From Comics To Chinese To Ancient Egyptian To Korea And Back Again
I once saw Art Spiegeleman, the author of Maus and Raw and other comics, deliver a lecture in which he argued two important points: that we should call them comics rather than graphic novels, because the latter term is just pandering to snobs who are never going to pick up a comic book anyway, and that comic books are not only art, but the argument that comic books are art is redundant and unnecessary. Roger Ebert might disagree, and Vladimir Nabokov would say that artists are lost the moment they begin to wonder what art actually is, or should be. In Nikolai Gogol he writes that “A writer is lost when he grows interested in such questions as ‘what is art?’ and ‘what is an artist’s duty?’”, even though he obviously thought about this question all the time.
What are the oldest comics in the world? The first Superman or Batman comics? Ridiculous Victorian political cartoons? None of these, Spiegeleman said—we find comics (defined as pictures together with words, telling a story) in medieval stained glass windows and also in ancient Egypt, where the boundary between letters (phonemes, symbols representing sounds) and images (pictoral representations of real things or abstract concepts) is blurred to the point where the hieroglyphic for the famous Horus eye can mean both an eye as well as the sound I. This writing system is no longer in regular use, although the letters I’m using to express my thoughts can be traced all the way back to Ancient Egypt—but in China and the Sinosphere there is a system that is still around and still regularly used by millions of people.
Called Hanzi by the Chinese, and written Chinese by us, the system is phonemic and pictoral at the same time, just like Ancient Egyptian, and as in Europe there is an old tradition of pairing detailed images with words—known to us, today, as comics. Although my knowledge on the subject is purely amateur, it seems rare to stumble upon any kind of traditional Chinese painting that does not possess some kind of writing, stamp, or signature, in contrast to classical Western paintings, which seem to be much more focused on the image rather than the writing which accompanies it.
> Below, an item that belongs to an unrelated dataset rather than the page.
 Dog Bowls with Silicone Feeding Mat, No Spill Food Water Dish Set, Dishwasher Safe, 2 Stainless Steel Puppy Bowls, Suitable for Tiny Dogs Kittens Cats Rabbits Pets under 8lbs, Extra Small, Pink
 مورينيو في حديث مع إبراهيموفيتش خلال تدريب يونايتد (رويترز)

More often than not, Chinese paintings are covered with writing, in places which Westerners would probably consider fairly intrusive.
But Koreans take the idea of the word as art to greater extremes. Scholars here relied on Chinese characters exclusively for millennia, and only switched over to the homegrown Korean alphabet after the Colonial Japanese—seeking to distance Korea from China—forced them to. As a result written Chinese became fairly rare, even if something like seventy percent of Korean (and perhaps far more) is just mispronounced Chinese, but it also took on something of a cultish aspect; it became an object of worship, a marker of intellectual achievement, as well as a work of art.
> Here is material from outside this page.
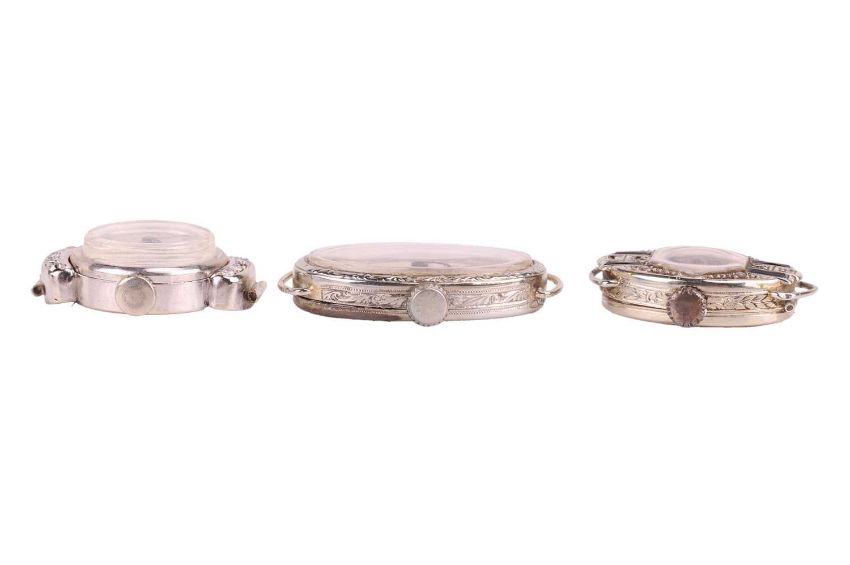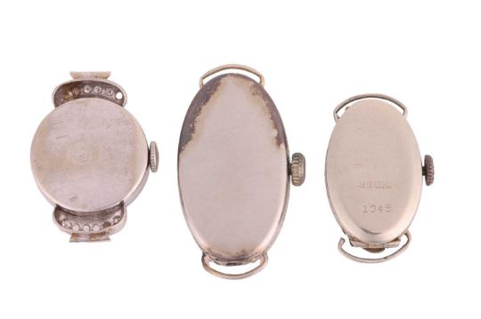 Three Dress Watches; The first a colourless sapphire-set watch, in a round white metal case stamped '0.585' to the reverse, case measuring 16mm, with white dial and blued pointed baton hands, strap deficient; The second a Rolex engraved dress watch, the oval case measuring 15mm x 25mm, with white dial stamped 'Rolex', with a Rolex 15-jewel manual wind movement, in a white metal case stamped '18K' internally, strap deficient; The third an 18ct white gold gem-set dress watch, the oval case measuring 12mm x 21mm, featuring a jewelled manual wind movement, strap deficient. Total weight of items 24.0 grams (3).
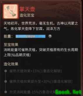 基础的能量消耗效果为:每消耗1点能量催熟灵植一小时。而1重造化后可以提升15%催熟速率,3重造化后可以提升30%催熟速率。

Few temples or traditional structures in Korea go without a very necessary adornment of Chinese characters, many of which are so bizarre that almost no one can read them; newspapers and books still use Hanzi, or Hanja in Korean, to help readers distinguish between complex academic words, when mere context is not enough; it is a mark of an intellectual to read and write Hanja, even if Hanja is commonplace just next door in China as Hanzi or in Japan as Kanji; and most importantly, Hanja itself became art.
We can explain Engrish, Chinglish, Konglish—the way various Asian societies seem to adore the visual form rather than the actual meaning of written English, resulting in ridiculous gibberish printed on t-shirts and signs—by looking at the Sinosphere’s love of written Chinese. I can’t speak for China or Japan, but I know that when Koreans want to make any place look really fancy, they use Chinese to do it—often with obsolete words written in unreadable cursive. If we Westerners think covering something with incomprehensible English is ridiculous, we should recall that Chinese people think more or less the same thing when they come to Korea and find their everyday language transformed into a mystical fetish. In my old elementary school, in my in-laws’ home, Chinese is carefully painted on expensive paper, framed, and displayed as a mark of class, a status symbol.
I myself am guilty of this fetishizing tendency as well—written Chinese is obviously far more of an art than written English, and I like the form of a lot of the plainer characters (天, heaven; 水, water; 公, public; 文, culture; 心, mind;)—and I know that there are plenty of Westerners who have gone to tattoo artists so as to inform the Chinese-speaking world that they are child molesters. Chinese is cool. If you get a Chinese shirt or tattoo, you are cool, as well—my father once purchased a t-shirt at Narita glorifying fascist Japan because the shirt looked good and he didn’t know any better. Had he worn the shirt here in Korea, it would have been little different from displaying a Nazi swastika in America.
I haven’t read too many comic books, but I’ve enjoyed the ones I have read, and I wouldn’t exclude comics from the world of art because I believe to do so would be pedantic—no different from doing the same with video games, as Roger Ebert has. Still, there is a certain perception in the West that, for the most part, words and images should be separate. Only smart people read books that are just words, and look at paintings that are just paintings, and only stupid people mix the two together. But the fact of the matter is that a written word and a painted image are more or less the same representation, the same symbol, and if you go back far enough in time, or travel around the world, you find that the distinction between word and image is entirely arbitrary.